The letter, which was seen by this newspaper, was prompted in part by confirmation by the recent national recount of the variances in the numbers used by Mingo to inform the now discredited declarations of March 5 and March 13, and the numbers in official Statements of Poll (SOPs). The recount has exposed Mingo’s tabulation as inaccurate. It shows that in his declaration he inflated the votes for the APNU+AFC by 20,000, while the PPP/C’s votes were decreased by 3,000. Mingo’s tallies gave the APNU+AFC coalition enough votes in the region to win the national elections, while the recount has established that the PPP/C won overall by over 15,000 votes.
It also noted the recent controversy over missing documents from ballot boxes in Region Four, while observing that the GECOM Secretariat has denied any knowledge of these documents or how they were misplaced. The Presiding Officers, it added, have produced copies of electronic correspondence showing that instructions did emanate from the Secretariat directing that those documents be delivered to the Secretariat “in defiance” of the statutory procedures. “Again, this needs investigation, ANUG urges you that if there are rogue elements within the Secretariat who undermine its very viability, they need to be identified and removed,” it argued.
Reference was made to ANUG’s previous letter to the Commission regarding its objection to an investigation, on the basis of its illegality, of claims of votes cast by dead or migrated persons, following Singh’s documented position that “who asserts must prove.”
According to the party, the Secretariat nevertheless appeared to be acting under the instructions of APNU+AFC agents in the Arthur Chung Conference Centre (ACCC) workstations during the recount and were instructed to check the Marked List of Electors (MLE) to confirm who voted from APNU+AFC lists in order to facilitate the coalition’s allegations of votes cast by migrants or the dead.
“While the APNU+AFC strongly asserts the veracity of its claims that all these names, being, in their words, “evidence”, of dead and migrant voting due to their own groundwork and information received from relatives and community members, GECOM staff’s acceptance of the instruction to check on whether these names were ticked on the MLE is the Commission’s participation in investigation of claims by a political party, which was not accurately captured in the Observation Reports,” ANUG, however, argued.
ANUG further said that there appears to be an arm within GECOM’s executing body “endowed with authority” to act either without instructions from the Commission, or against its overall objectives.
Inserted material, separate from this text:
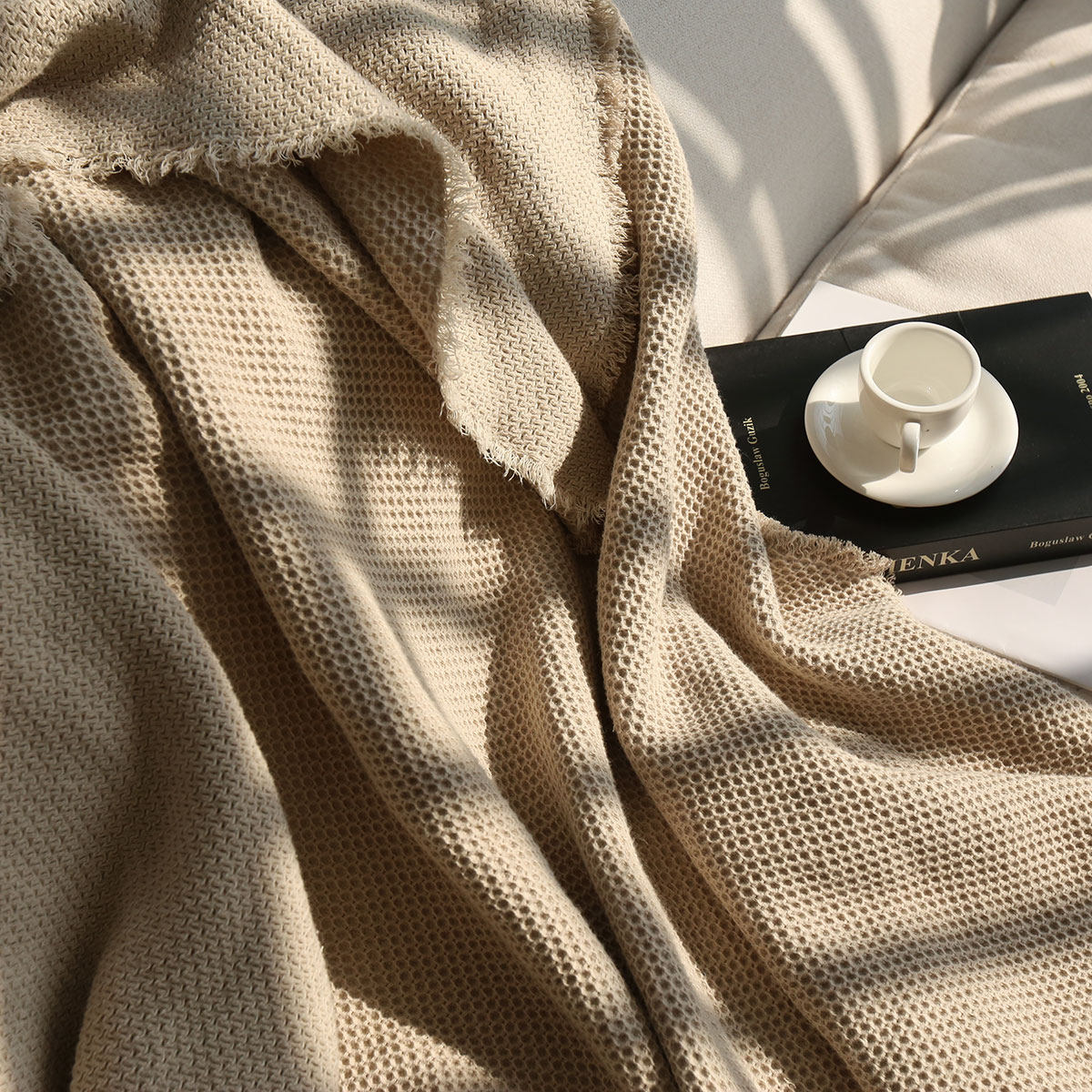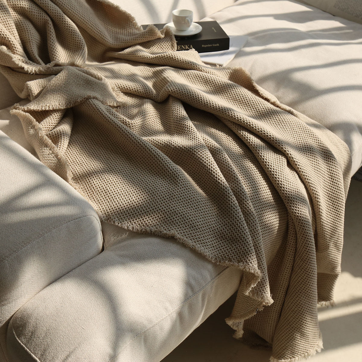 📚 松松软软的侘寂风提花毯子 棉麻蜂巢纹理感沙发巾百搭多用途盖毯

This, it claims, was evident following the attempts at two declarations for Region Four, repeated delays to proceed with the count both at the Ashmins building, at GECOM’s Kingston headquarters, and at the ACCC, and the challenging of the Chair’s decision on CARICOM’s participation in the recount.
The party contends that “numerous” decisions were taken to date which appear counterintuitive to transparency and accountability, with the most recent one being to include the use of the words “not valid” in the Observation Reports for those votes held in ballot boxes with documents which were alleged to be missing, and the apparent reluctance to include these boxes in the tabulation.
“In light of the foregoing, we are formally requesting an investigation into the events that took place at the Ashmins Building and at High Street which led to the presentation of a substantial number of SOPs with alarming variances, and into entire management of GECOM which not only appear to be incapable of organising the simplest tasks, but to be severely compromised and partisan,” it concluded.
Up to yesterday there has been no response by the Chairperson to the party’s request.
In its final report on the elections, released on June 5th, the European Union Election Observer Mission has concluded that the integrity of the entire electoral process was “seriously compromised” by the non-transparent tabulation of results in Region Four, for which it blamed senior Guyana Elections Commission officials, whom it said acted in blatant violation of the law. It further said post-election developments “exposed a dysfunctional commission unable to control its own secretariat.”